'''

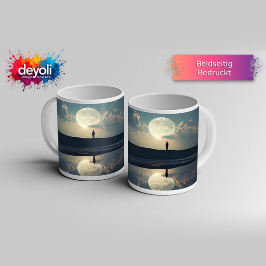 Motivtasse Einsamer Blick zur übergroßen Mondspiegelung
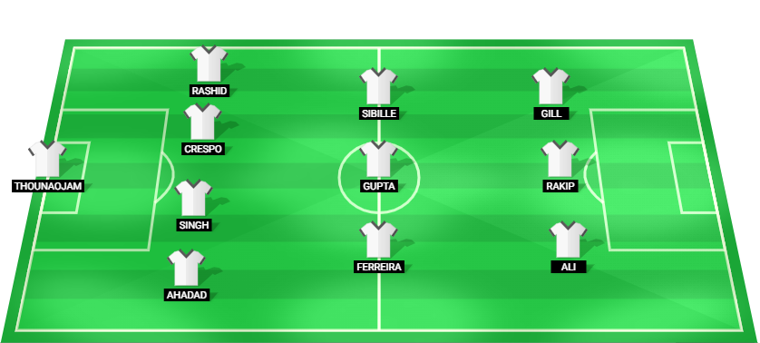 থাউনাওজাম (জিকে), আহাদদ (ডিএফ), সিং (ডিএফ), ক্রেসপো (ডিএফ), রশিদ (ডিএফ), ফেরেরা (এমএফ), গুপ্তা (এমএফ), সিবিলে (এমএফ), আলী (এফডব্লিউ), রাকিপ (এফডব্লিউ), গিল (এফডব্লিউ)
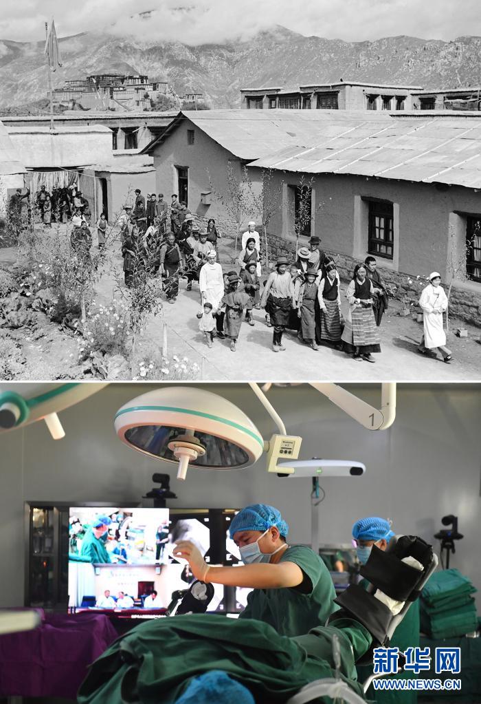 拼版照片:上圖是20世紀(jì)50年代,前往拉薩市人民醫(yī)院看病的藏族群眾在護(hù)士陪同下到醫(yī)療室去就診(新華社記者任用昭攝);下圖是2021年4月19日,拉薩市人民醫(yī)院骨科醫(yī)生通過(guò)5G通信技術(shù),在北京積水潭醫(yī)院專家遠(yuǎn)程指導(dǎo)下使用骨科機(jī)器人開(kāi)展手術(shù)(新華社記者孫瑞博攝)。新華社發(fā)
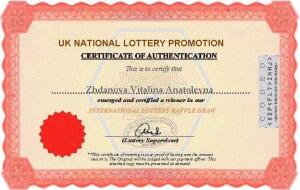 Отличительной особенностью этого вида лотереи является то, что мнимым победителям предлагают сперва внести на счета мошенников расходы по уплате банковского перевода, оплате гербового сбора, получения именных сертификатов с голубой каемкой и прочей дребедени.
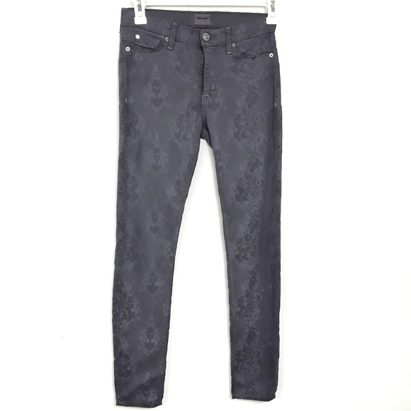 Hudson Nico Super Skinny Gray Snake Print Jeans. Size 27. Great pre-owned condition. Please see photos for wear. Approximate Measurements are
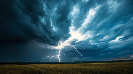 A powerful lightning storm illuminates the sky, creating a stunning display of nature's raw energy
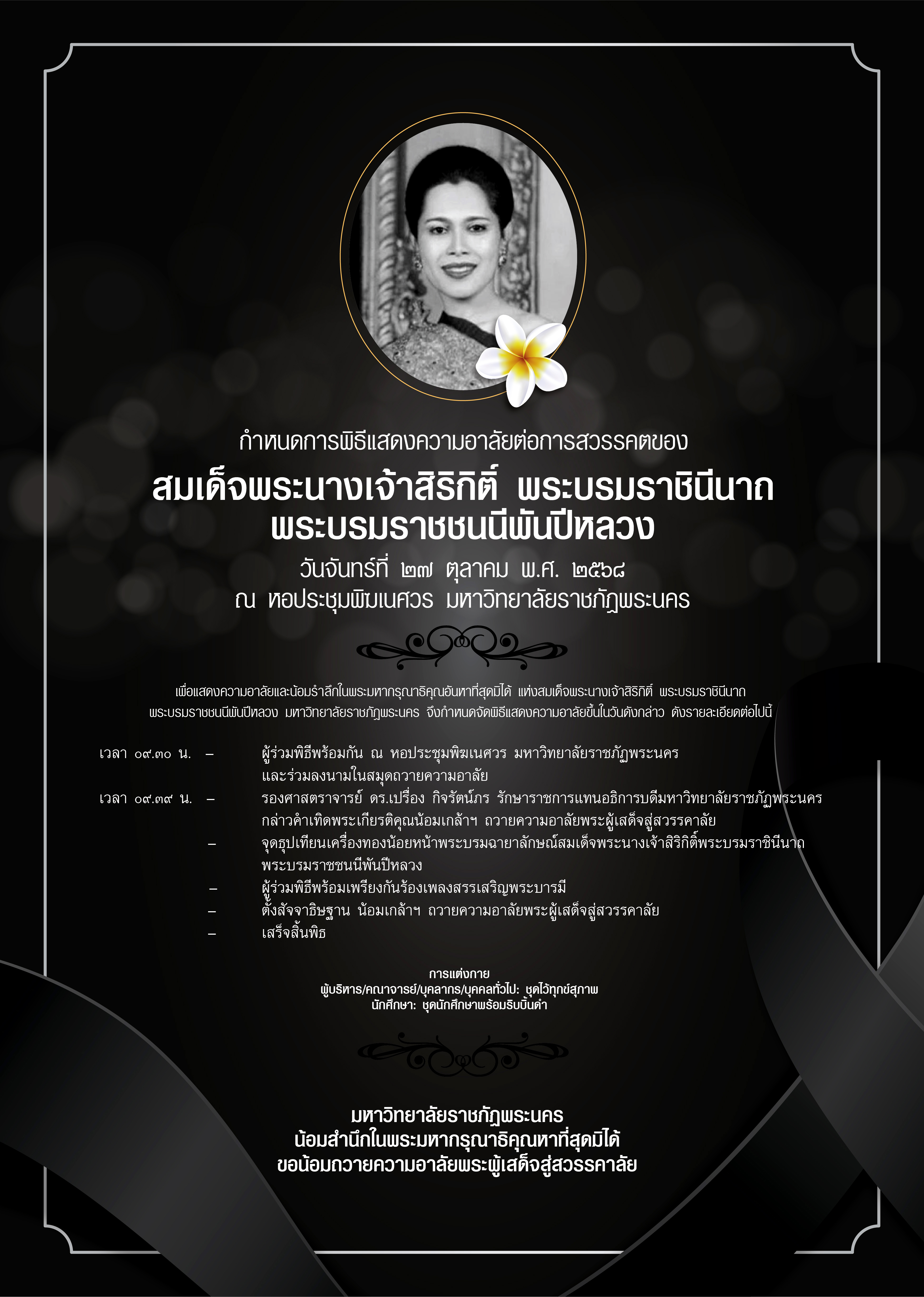มหาวิทยาลัยราชภัฏพระนครได้จัดพิธีแสดงความอาลัยต่อการสวรสวรรคต และป้อมร้าลึกในพระมหากรุณาธิคุณอันหาที่สุดมิได้ ของสมเด็จพระนางเจ้าสิริกิติ์ พระบรมราชินีนาถพระบรมราชชนนีพันปีหลวง
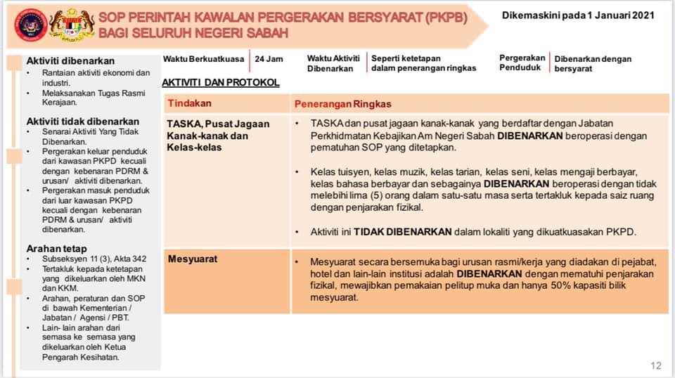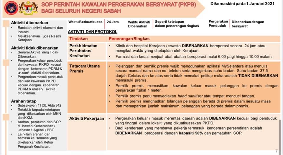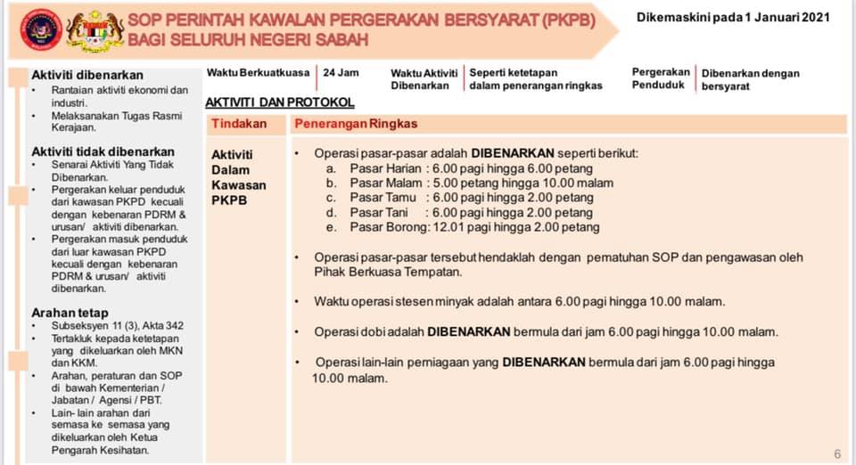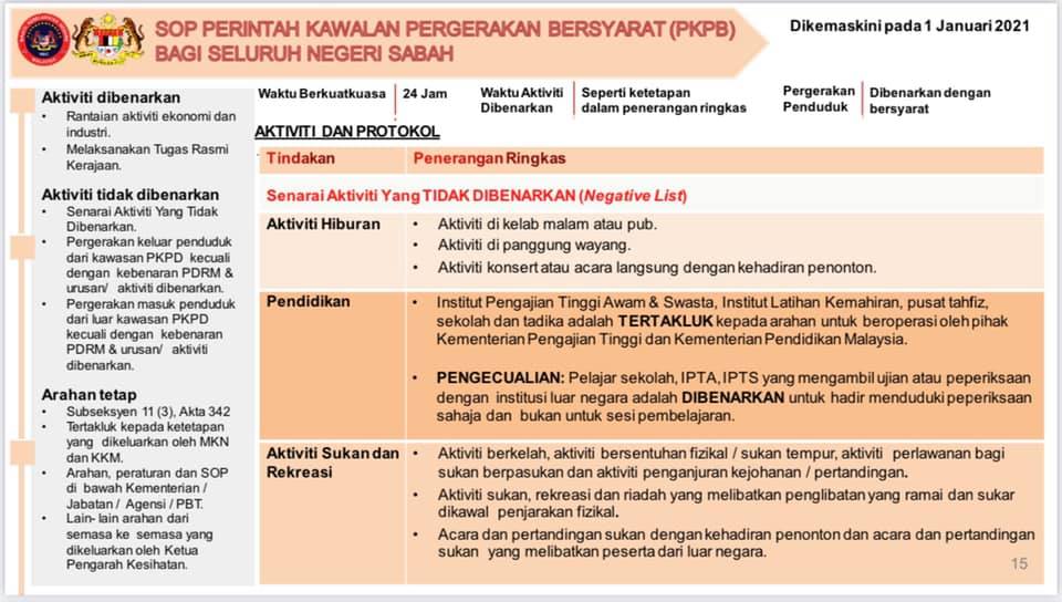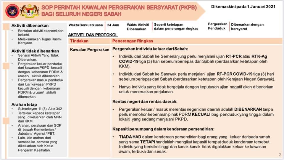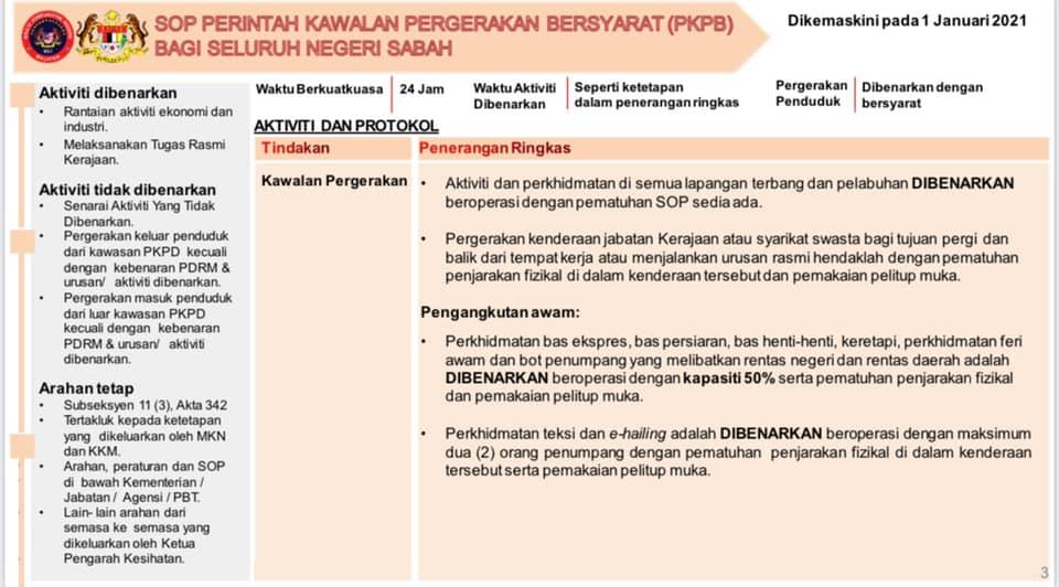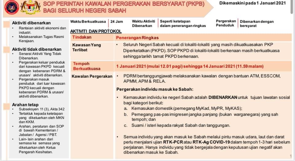1 Januari 2021 - SOP Perintah Kawalan Pergerakan Bersyarat (PKPB) Bagi Seluruh Negeri Sabah
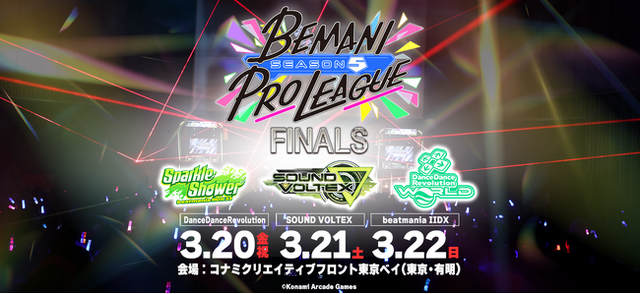 株式会社コナミアーケードゲームスは、『BEMANI PRO LEAGUE -SEASON 5-(ビーマニ プロ リーグ シーズンファイブ)』の優勝チームを決定するイベント「BEMANI PRO LEAGUE -SEASON 5- FINALS(ビーマニ プロ リーグ シーズンファイブ ファイナルズ)」を、3月20日(金・祝)から3月22日(日)の3日間にわたり、「コナミクリエイティブフロント東京ベイ」(東京都 江東区)にて開催することをお知らせします。
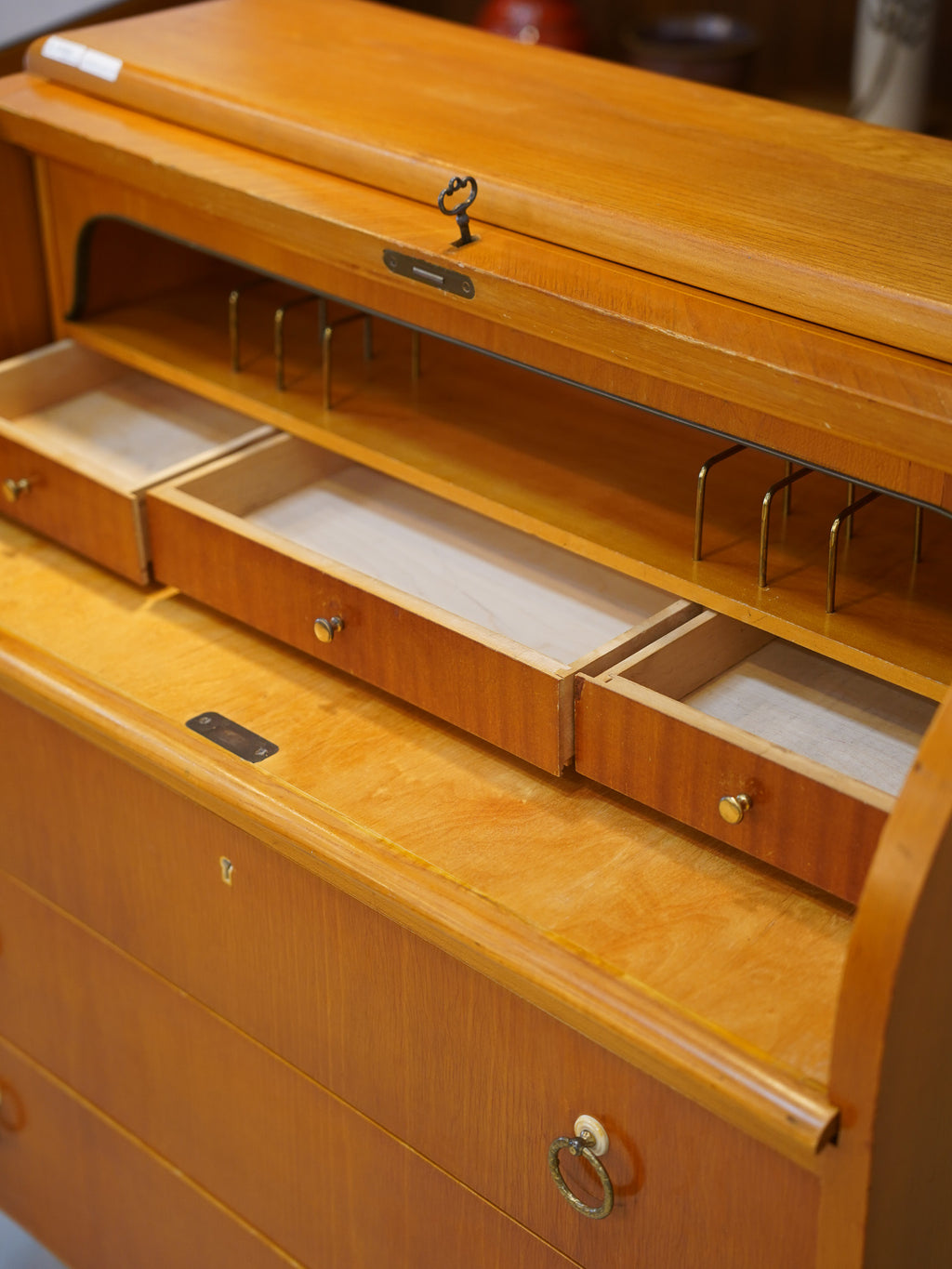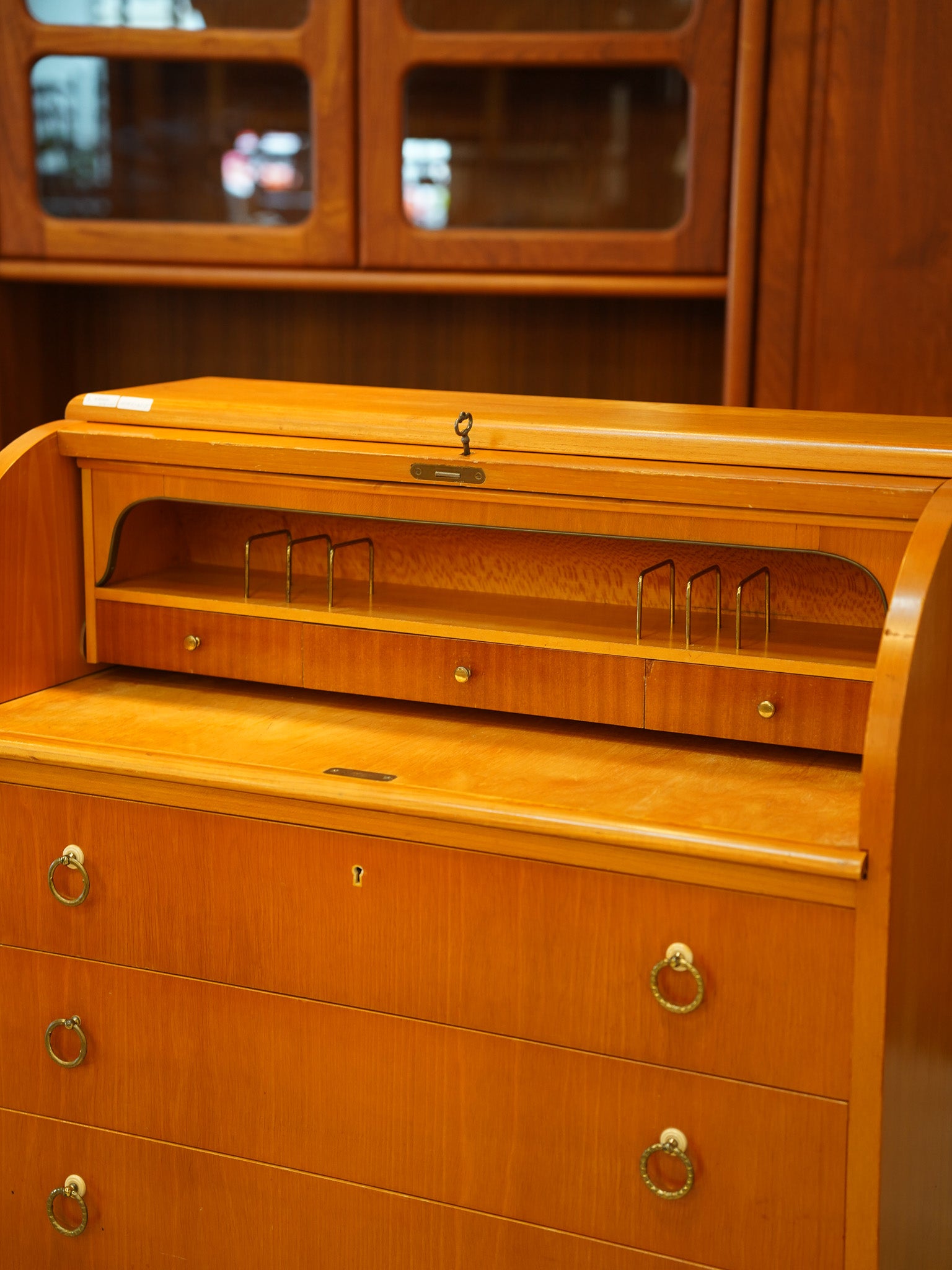 チークウッドロールトップビューロー
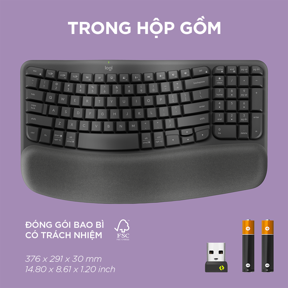 Thiết kế lượn sóng của bàn phím nhỏ gọn này đặt bàn tay, cổ tay và cánh tay bạn ở vị trí gõ tự nhiên.
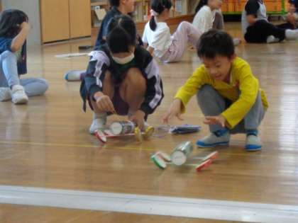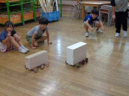 先生がつくったゴムで走る車で遊びました。これから、一人一人が「とっておきの車」を目指して活動します。「とっても速く走る車にしたい」「カーブする車にしたい」など、どんな車をつくりたいのかについても考えました。
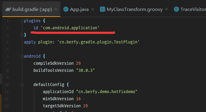 我们检测到这个Plugin就传递给MyClassTransform负责拦截App编译后的操作。
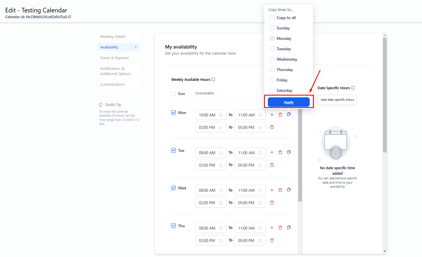 Step 26 : Once you've set the timing, click the copy icon to apply the same settings to other days of the week.
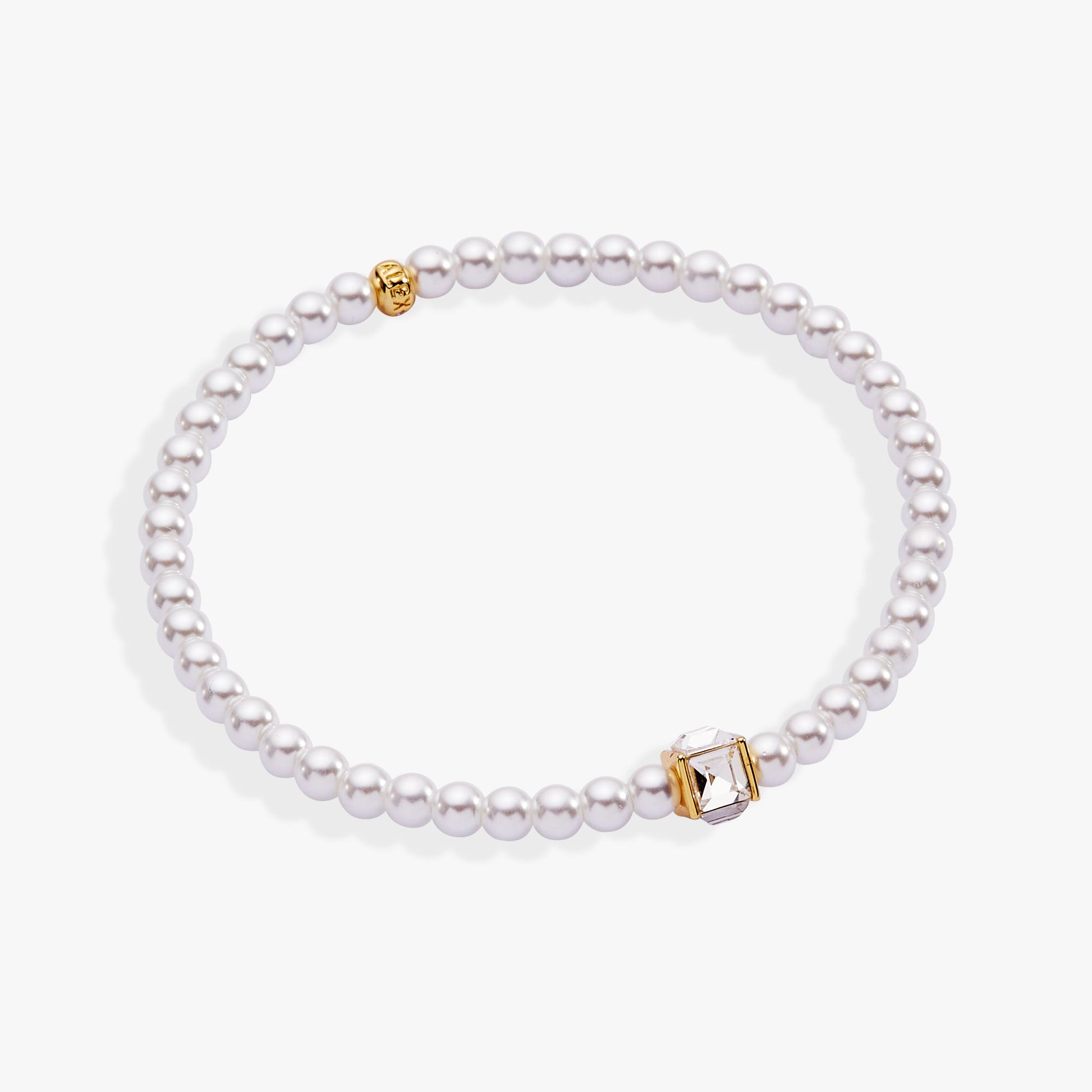 Elevate your everyday style with this charming stretch bracelet that effortlessly transitions from day to night. Featuring lustrous white faux pearl beads paired with a sparkling clear crystal square cube, this piece delivers just the right amount of shimmer without overwhelming your wrist. The gold plating adds warmth and sophistication, making it versatile enough to wear solo or layer with your favorite bracelets for a personalized look. This thoughtfully designed bracelet combines timeless elegance with modern flair. Whether you're dressing up for a special occasion or adding a touch of polish to your casual wardrobe, this stretch bracelet is your go-to accessory for creating effortless, radiant combinations.

'''

### EXERCISE DETAILS
Copy exactly the lines that begin at the one containing "Hudson Nico Super" and end at the last line of the records, both included, omitting the pictures.

### REPLY
 Hudson Nico Super Skinny Gray Snake Print Jeans. Size 27. Great pre-owned condition. Please see photos for wear. Approximate Measurements are
 A powerful lightning storm illuminates the sky, creating a stunning display of nature's raw energy
มหาวิทยาลัยราชภัฏพระนครได้จัดพิธีแสดงความอาลัยต่อการสวรสวรรคต และป้อมร้าลึกในพระมหากรุณาธิคุณอันหาที่สุดมิได้ ของสมเด็จพระนางเจ้าสิริกิติ์ พระบรมราชินีนาถพระบรมราชชนนีพันปีหลวง
1 Januari 2021 - SOP Perintah Kawalan Pergerakan Bersyarat (PKPB) Bagi Seluruh Negeri Sabah
 株式会社コナミアーケードゲームスは、『BEMANI PRO LEAGUE -SEASON 5-(ビーマニ プロ リーグ シーズンファイブ)』の優勝チームを決定するイベント「BEMANI PRO LEAGUE -SEASON 5- FINALS(ビーマニ プロ リーグ シーズンファイブ ファイナルズ)」を、3月20日(金・祝)から3月22日(日)の3日間にわたり、「コナミクリエイティブフロント東京ベイ」(東京都 江東区)にて開催することをお知らせします。
 チークウッドロールトップビューロー
 Thiết kế lượn sóng của bàn phím nhỏ gọn này đặt bàn tay, cổ tay và cánh tay bạn ở vị trí gõ tự nhiên.
 先生がつくったゴムで走る車で遊びました。これから、一人一人が「とっておきの車」を目指して活動します。「とっても速く走る車にしたい」「カーブする車にしたい」など、どんな車をつくりたいのかについても考えました。
 我们检测到这个Plugin就传递给MyClassTransform负责拦截App编译后的操作。
 Step 26 : Once you've set the timing, click the copy icon to apply the same settings to other days of the week.
 Elevate your everyday style with this charming stretch bracelet that effortlessly transitions from day to night. Featuring lustrous white faux pearl beads paired with a sparkling clear crystal square cube, this piece delivers just the right amount of shimmer without overwhelming your wrist. The gold plating adds warmth and sophistication, making it versatile enough to wear solo or layer with your favorite bracelets for a personalized look. This thoughtfully designed bracelet combines timeless elegance with modern flair. Whether you're dressing up for a special occasion or adding a touch of polish to your casual wardrobe, this stretch bracelet is your go-to accessory for creating effortless, radiant combinations.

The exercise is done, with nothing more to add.